··· Data for analysis

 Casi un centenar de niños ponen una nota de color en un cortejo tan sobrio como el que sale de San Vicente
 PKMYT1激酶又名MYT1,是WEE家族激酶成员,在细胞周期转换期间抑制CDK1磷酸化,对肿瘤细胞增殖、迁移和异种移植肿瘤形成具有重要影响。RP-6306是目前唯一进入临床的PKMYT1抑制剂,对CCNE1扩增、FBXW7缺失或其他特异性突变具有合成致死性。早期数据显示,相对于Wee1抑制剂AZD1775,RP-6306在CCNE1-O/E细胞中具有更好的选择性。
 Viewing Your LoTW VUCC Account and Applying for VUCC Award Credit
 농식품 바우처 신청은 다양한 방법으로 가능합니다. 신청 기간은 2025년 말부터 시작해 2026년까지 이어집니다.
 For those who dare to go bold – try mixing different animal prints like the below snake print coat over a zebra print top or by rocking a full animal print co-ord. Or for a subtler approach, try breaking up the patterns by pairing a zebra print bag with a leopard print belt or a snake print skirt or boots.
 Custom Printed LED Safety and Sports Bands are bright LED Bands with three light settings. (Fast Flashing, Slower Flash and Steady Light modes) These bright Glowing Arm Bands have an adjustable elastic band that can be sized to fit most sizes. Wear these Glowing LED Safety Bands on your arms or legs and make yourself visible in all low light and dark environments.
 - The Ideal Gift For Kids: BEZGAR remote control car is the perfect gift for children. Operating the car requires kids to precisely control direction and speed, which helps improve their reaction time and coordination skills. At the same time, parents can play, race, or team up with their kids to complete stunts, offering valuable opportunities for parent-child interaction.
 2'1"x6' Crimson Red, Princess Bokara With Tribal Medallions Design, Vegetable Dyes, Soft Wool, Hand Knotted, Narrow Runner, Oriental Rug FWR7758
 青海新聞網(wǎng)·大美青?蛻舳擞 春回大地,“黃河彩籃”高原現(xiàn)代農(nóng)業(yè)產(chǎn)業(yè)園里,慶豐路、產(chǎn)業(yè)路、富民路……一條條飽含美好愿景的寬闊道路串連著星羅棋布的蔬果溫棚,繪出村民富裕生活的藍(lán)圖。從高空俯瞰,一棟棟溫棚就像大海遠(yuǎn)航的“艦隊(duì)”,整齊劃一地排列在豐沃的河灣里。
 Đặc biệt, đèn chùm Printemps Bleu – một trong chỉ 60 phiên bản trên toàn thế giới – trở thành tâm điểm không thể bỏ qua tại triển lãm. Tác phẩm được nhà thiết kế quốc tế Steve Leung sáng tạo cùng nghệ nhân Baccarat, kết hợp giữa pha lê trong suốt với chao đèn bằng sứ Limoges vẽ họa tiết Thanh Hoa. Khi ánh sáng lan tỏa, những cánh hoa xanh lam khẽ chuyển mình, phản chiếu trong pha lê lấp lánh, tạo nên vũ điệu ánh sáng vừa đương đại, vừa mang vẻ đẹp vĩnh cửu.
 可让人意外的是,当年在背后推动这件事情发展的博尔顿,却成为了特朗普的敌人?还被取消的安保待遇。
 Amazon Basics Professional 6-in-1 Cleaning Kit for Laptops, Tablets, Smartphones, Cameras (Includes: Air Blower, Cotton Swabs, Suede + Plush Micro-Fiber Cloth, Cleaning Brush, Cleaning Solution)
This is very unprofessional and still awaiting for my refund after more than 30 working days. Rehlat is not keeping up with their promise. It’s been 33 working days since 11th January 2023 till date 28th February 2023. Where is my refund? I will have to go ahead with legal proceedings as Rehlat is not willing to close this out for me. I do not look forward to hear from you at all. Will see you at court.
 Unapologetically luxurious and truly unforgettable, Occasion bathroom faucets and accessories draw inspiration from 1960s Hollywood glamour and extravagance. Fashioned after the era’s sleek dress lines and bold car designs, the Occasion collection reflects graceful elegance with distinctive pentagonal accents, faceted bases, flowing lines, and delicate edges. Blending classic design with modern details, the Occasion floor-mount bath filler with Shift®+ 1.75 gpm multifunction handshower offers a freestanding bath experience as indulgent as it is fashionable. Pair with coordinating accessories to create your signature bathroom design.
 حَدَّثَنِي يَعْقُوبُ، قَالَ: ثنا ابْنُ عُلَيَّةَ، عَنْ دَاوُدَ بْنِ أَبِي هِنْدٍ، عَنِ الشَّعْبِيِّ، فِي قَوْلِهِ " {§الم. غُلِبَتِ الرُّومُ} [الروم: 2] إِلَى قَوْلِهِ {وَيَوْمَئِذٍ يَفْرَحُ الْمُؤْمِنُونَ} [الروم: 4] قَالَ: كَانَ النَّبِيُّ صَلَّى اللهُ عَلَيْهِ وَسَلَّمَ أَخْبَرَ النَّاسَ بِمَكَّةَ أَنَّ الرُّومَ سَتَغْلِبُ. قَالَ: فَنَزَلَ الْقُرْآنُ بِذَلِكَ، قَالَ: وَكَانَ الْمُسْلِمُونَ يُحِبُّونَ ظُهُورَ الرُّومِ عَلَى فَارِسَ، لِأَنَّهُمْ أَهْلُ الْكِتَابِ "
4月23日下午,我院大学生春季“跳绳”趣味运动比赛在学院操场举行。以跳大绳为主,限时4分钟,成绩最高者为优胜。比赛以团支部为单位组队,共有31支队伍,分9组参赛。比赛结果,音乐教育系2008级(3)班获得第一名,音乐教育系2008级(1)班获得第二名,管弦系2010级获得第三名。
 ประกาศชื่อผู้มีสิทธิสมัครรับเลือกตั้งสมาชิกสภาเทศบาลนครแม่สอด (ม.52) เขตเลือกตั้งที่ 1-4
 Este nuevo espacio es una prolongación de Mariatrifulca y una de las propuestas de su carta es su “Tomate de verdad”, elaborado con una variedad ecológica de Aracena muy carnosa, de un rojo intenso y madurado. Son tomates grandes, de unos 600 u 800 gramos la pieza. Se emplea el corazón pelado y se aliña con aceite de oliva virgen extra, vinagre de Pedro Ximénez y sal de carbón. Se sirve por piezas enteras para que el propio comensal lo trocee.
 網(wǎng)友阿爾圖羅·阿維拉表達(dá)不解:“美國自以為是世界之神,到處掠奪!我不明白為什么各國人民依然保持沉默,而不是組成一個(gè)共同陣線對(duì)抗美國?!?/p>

······

Instructions to follow
Reproduce the material above, every line of it, exactly.

Answer area
 Casi un centenar de niños ponen una nota de color en un cortejo tan sobrio como el que sale de San Vicente
 PKMYT1激酶又名MYT1,是WEE家族激酶成员,在细胞周期转换期间抑制CDK1磷酸化,对肿瘤细胞增殖、迁移和异种移植肿瘤形成具有重要影响。RP-6306是目前唯一进入临床的PKMYT1抑制剂,对CCNE1扩增、FBXW7缺失或其他特异性突变具有合成致死性。早期数据显示,相对于Wee1抑制剂AZD1775,RP-6306在CCNE1-O/E细胞中具有更好的选择性。
 Viewing Your LoTW VUCC Account and Applying for VUCC Award Credit
 농식품 바우처 신청은 다양한 방법으로 가능합니다. 신청 기간은 2025년 말부터 시작해 2026년까지 이어집니다.
 For those who dare to go bold – try mixing different animal prints like the below snake print coat over a zebra print top or by rocking a full animal print co-ord. Or for a subtler approach, try breaking up the patterns by pairing a zebra print bag with a leopard print belt or a snake print skirt or boots.
 Custom Printed LED Safety and Sports Bands are bright LED Bands with three light settings. (Fast Flashing, Slower Flash and Steady Light modes) These bright Glowing Arm Bands have an adjustable elastic band that can be sized to fit most sizes. Wear these Glowing LED Safety Bands on your arms or legs and make yourself visible in all low light and dark environments.
 - The Ideal Gift For Kids: BEZGAR remote control car is the perfect gift for children. Operating the car requires kids to precisely control direction and speed, which helps improve their reaction time and coordination skills. At the same time, parents can play, race, or team up with their kids to complete stunts, offering valuable opportunities for parent-child interaction.
 2'1"x6' Crimson Red, Princess Bokara With Tribal Medallions Design, Vegetable Dyes, Soft Wool, Hand Knotted, Narrow Runner, Oriental Rug FWR7758
 青海新聞網(wǎng)·大美青?蛻舳擞 春回大地,“黃河彩籃”高原現(xiàn)代農(nóng)業(yè)產(chǎn)業(yè)園里,慶豐路、產(chǎn)業(yè)路、富民路……一條條飽含美好愿景的寬闊道路串連著星羅棋布的蔬果溫棚,繪出村民富裕生活的藍(lán)圖。從高空俯瞰,一棟棟溫棚就像大海遠(yuǎn)航的“艦隊(duì)”,整齊劃一地排列在豐沃的河灣里。
 Đặc biệt, đèn chùm Printemps Bleu – một trong chỉ 60 phiên bản trên toàn thế giới – trở thành tâm điểm không thể bỏ qua tại triển lãm. Tác phẩm được nhà thiết kế quốc tế Steve Leung sáng tạo cùng nghệ nhân Baccarat, kết hợp giữa pha lê trong suốt với chao đèn bằng sứ Limoges vẽ họa tiết Thanh Hoa. Khi ánh sáng lan tỏa, những cánh hoa xanh lam khẽ chuyển mình, phản chiếu trong pha lê lấp lánh, tạo nên vũ điệu ánh sáng vừa đương đại, vừa mang vẻ đẹp vĩnh cửu.
 可让人意外的是,当年在背后推动这件事情发展的博尔顿,却成为了特朗普的敌人?还被取消的安保待遇。
 Amazon Basics Professional 6-in-1 Cleaning Kit for Laptops, Tablets, Smartphones, Cameras (Includes: Air Blower, Cotton Swabs, Suede + Plush Micro-Fiber Cloth, Cleaning Brush, Cleaning Solution)
This is very unprofessional and still awaiting for my refund after more than 30 working days. Rehlat is not keeping up with their promise. It’s been 33 working days since 11th January 2023 till date 28th February 2023. Where is my refund? I will have to go ahead with legal proceedings as Rehlat is not willing to close this out for me. I do not look forward to hear from you at all. Will see you at court.
 Unapologetically luxurious and truly unforgettable, Occasion bathroom faucets and accessories draw inspiration from 1960s Hollywood glamour and extravagance. Fashioned after the era’s sleek dress lines and bold car designs, the Occasion collection reflects graceful elegance with distinctive pentagonal accents, faceted bases, flowing lines, and delicate edges. Blending classic design with modern details, the Occasion floor-mount bath filler with Shift®+ 1.75 gpm multifunction handshower offers a freestanding bath experience as indulgent as it is fashionable. Pair with coordinating accessories to create your signature bathroom design.
 حَدَّثَنِي يَعْقُوبُ، قَالَ: ثنا ابْنُ عُلَيَّةَ، عَنْ دَاوُدَ بْنِ أَبِي هِنْدٍ، عَنِ الشَّعْبِيِّ، فِي قَوْلِهِ " {§الم. غُلِبَتِ الرُّومُ} [الروم: 2] إِلَى قَوْلِهِ {وَيَوْمَئِذٍ يَفْرَحُ الْمُؤْمِنُونَ} [الروم: 4] قَالَ: كَانَ النَّبِيُّ صَلَّى اللهُ عَلَيْهِ وَسَلَّمَ أَخْبَرَ النَّاسَ بِمَكَّةَ أَنَّ الرُّومَ سَتَغْلِبُ. قَالَ: فَنَزَلَ الْقُرْآنُ بِذَلِكَ، قَالَ: وَكَانَ الْمُسْلِمُونَ يُحِبُّونَ ظُهُورَ الرُّومِ عَلَى فَارِسَ، لِأَنَّهُمْ أَهْلُ الْكِتَابِ "
4月23日下午,我院大学生春季“跳绳”趣味运动比赛在学院操场举行。以跳大绳为主,限时4分钟,成绩最高者为优胜。比赛以团支部为单位组队,共有31支队伍,分9组参赛。比赛结果,音乐教育系2008级(3)班获得第一名,音乐教育系2008级(1)班获得第二名,管弦系2010级获得第三名。
 ประกาศชื่อผู้มีสิทธิสมัครรับเลือกตั้งสมาชิกสภาเทศบาลนครแม่สอด (ม.52) เขตเลือกตั้งที่ 1-4
 Este nuevo espacio es una prolongación de Mariatrifulca y una de las propuestas de su carta es su “Tomate de verdad”, elaborado con una variedad ecológica de Aracena muy carnosa, de un rojo intenso y madurado. Son tomates grandes, de unos 600 u 800 gramos la pieza. Se emplea el corazón pelado y se aliña con aceite de oliva virgen extra, vinagre de Pedro Ximénez y sal de carbón. Se sirve por piezas enteras para que el propio comensal lo trocee.
 網(wǎng)友阿爾圖羅·阿維拉表達(dá)不解:“美國自以為是世界之神,到處掠奪!我不明白為什么各國人民依然保持沉默,而不是組成一個(gè)共同陣線對(duì)抗美國?!?/p>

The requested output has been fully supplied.